Tom and I were waiting in our barn Monday after school when Andy arrived. Tom put his hands on Andy’s shoulders.

“Do you promise to put yourself in complete charge of my great brain and do everything I tell you to do?” he asked.

“I promise,” Andy said.

“Good,” Tom said. “The first thing you’ve got to do is to stop feeling sorry for yourself.”

“I’ll betcha you’d feel sorry for yourself if you had a peg leg,” Andy said.

“No I wouldn’t,” Tom said to my surprise, “because I’d show every kid in town and my mother and my father that a peg leg didn’t make any difference. We will start by making you the best Indian squaw wrestler in town.”

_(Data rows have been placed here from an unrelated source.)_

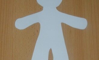 - Изготовьте шаблон пряничного человечка из плотного листа бумаги. Это поможет вырезать одинаковых размером фигурки из теста.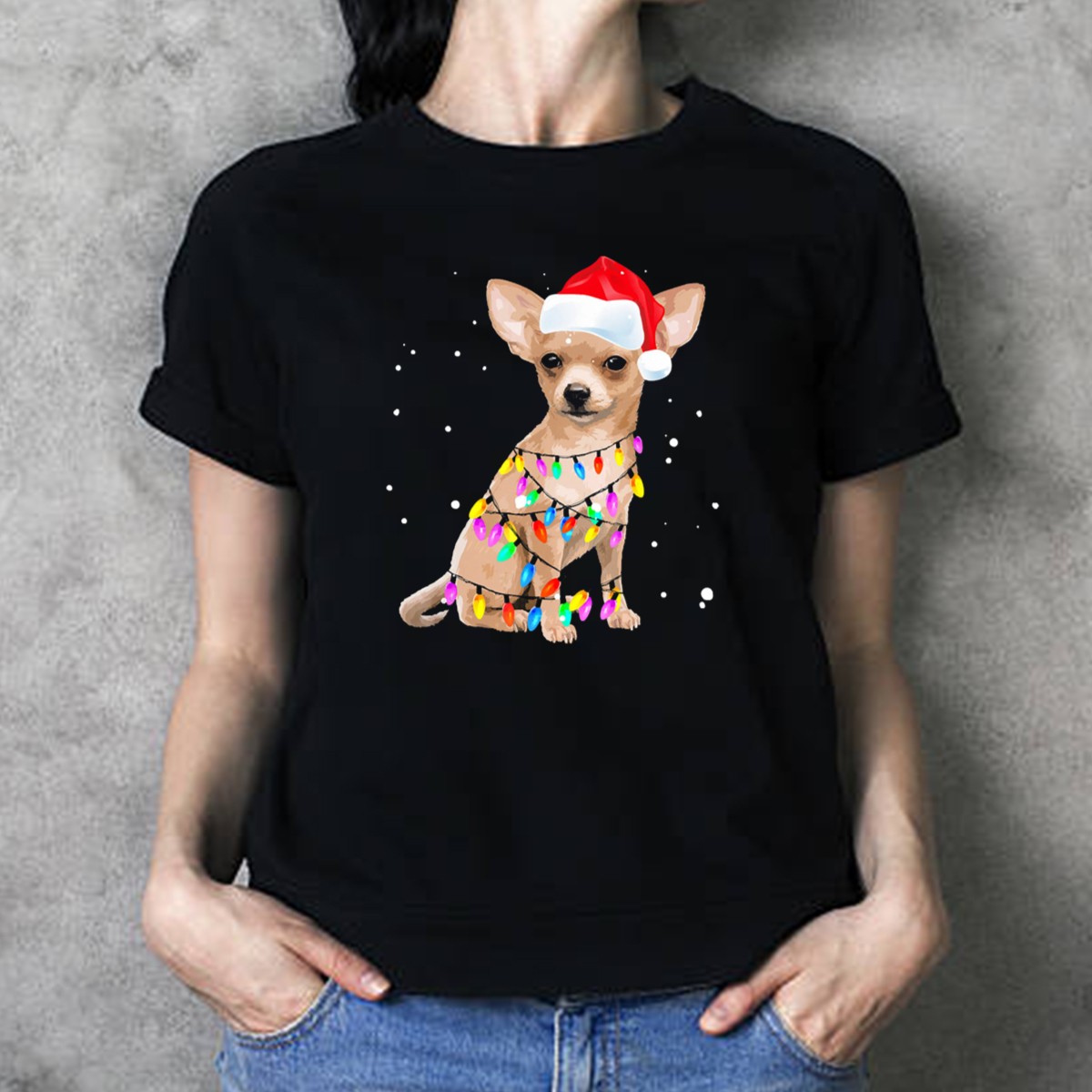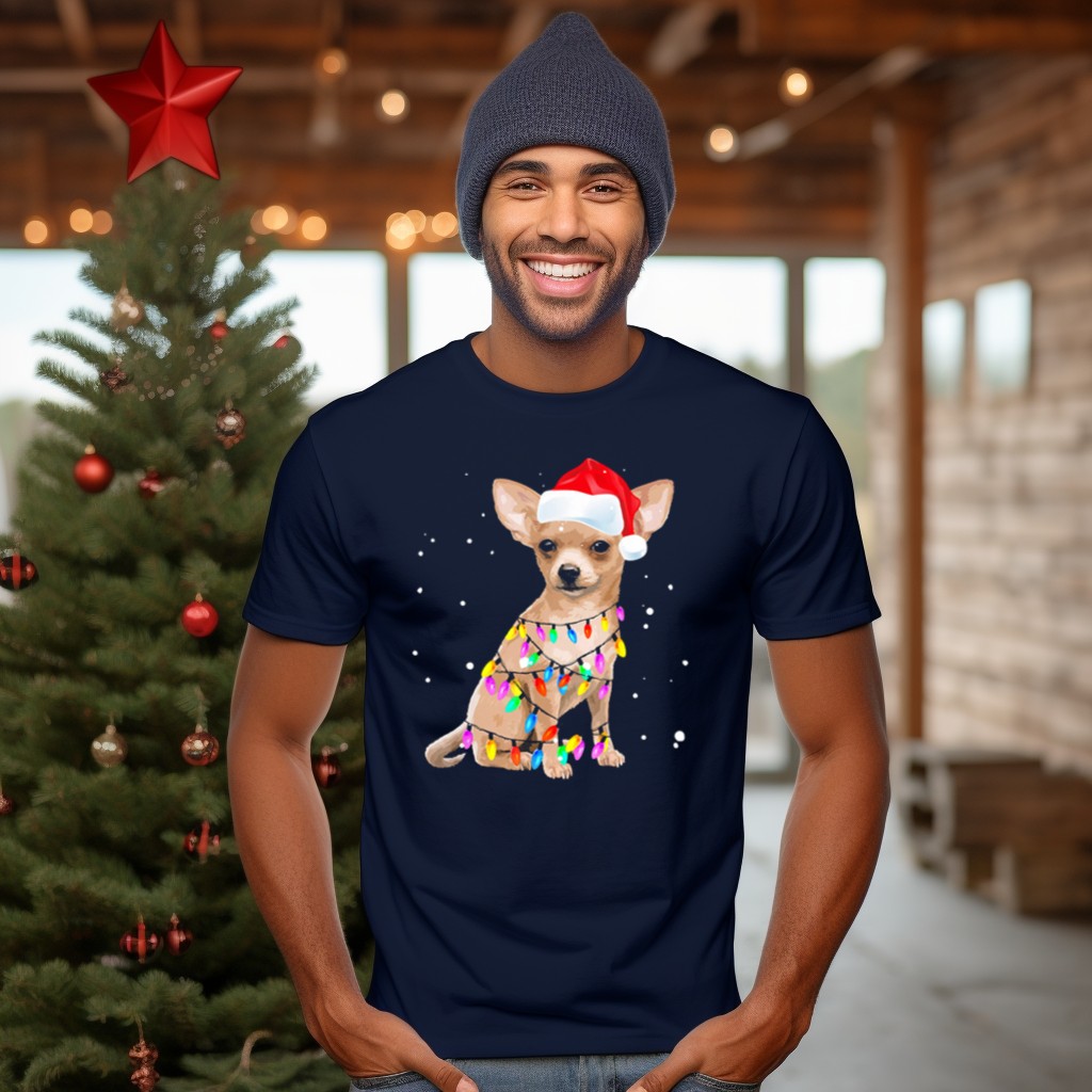 Celebrate the festive spirit with our adorable Chihuahua Wrapped In Christmas Lights Wearing Santa Hat T-Shirt! Perfect for dog lovers and holiday enthusiasts alike, this playful design adds a cheerful touch to your casual wear for themed events, family gatherings, or simply running errands during the holiday season. Made with love and printed in the USA, this fan-made shirt is a unique way to showcase your love for your furry friends and the joy of the holidays!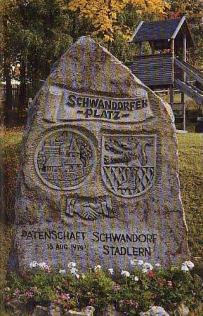 1974 wrude zwischen der Gemeinde Stadlern und der Kreisstadt Schwandorf eine Patenschaft geschlossen. Der Schwandorfer Platz im Ortszentrum von Stadlern erinnert daran. Der Gedenkstein zeigt rechts das Schwandorfer Wappen, links eine Ortsansicht von Stadlern mit der Wallfahrtskirche Mariä Himmelfahrt.

“Fat chance,” Andy said. “Basil is the champion.”

“Now you listen to me, Andy Anderson,” Tom said, getting angry. “When a person loses one leg, he gets twice the strength in the remaining leg. That means you’ve got double the strength in your right leg of any kid your age and size in town. My papa is the smartest man in town and he said this was true. Are you calling my father a liar?”

“Gosh, no,” Andy said quickly. “My pa always said that your pa was the smartest man in town.”

“Then you must believe you’ve got twice the strength in your right leg than you would have if you had two legs,” Tom said. “And that means you should be able to beat any kids at Indian squaw wrestling who are bigger and older than you.”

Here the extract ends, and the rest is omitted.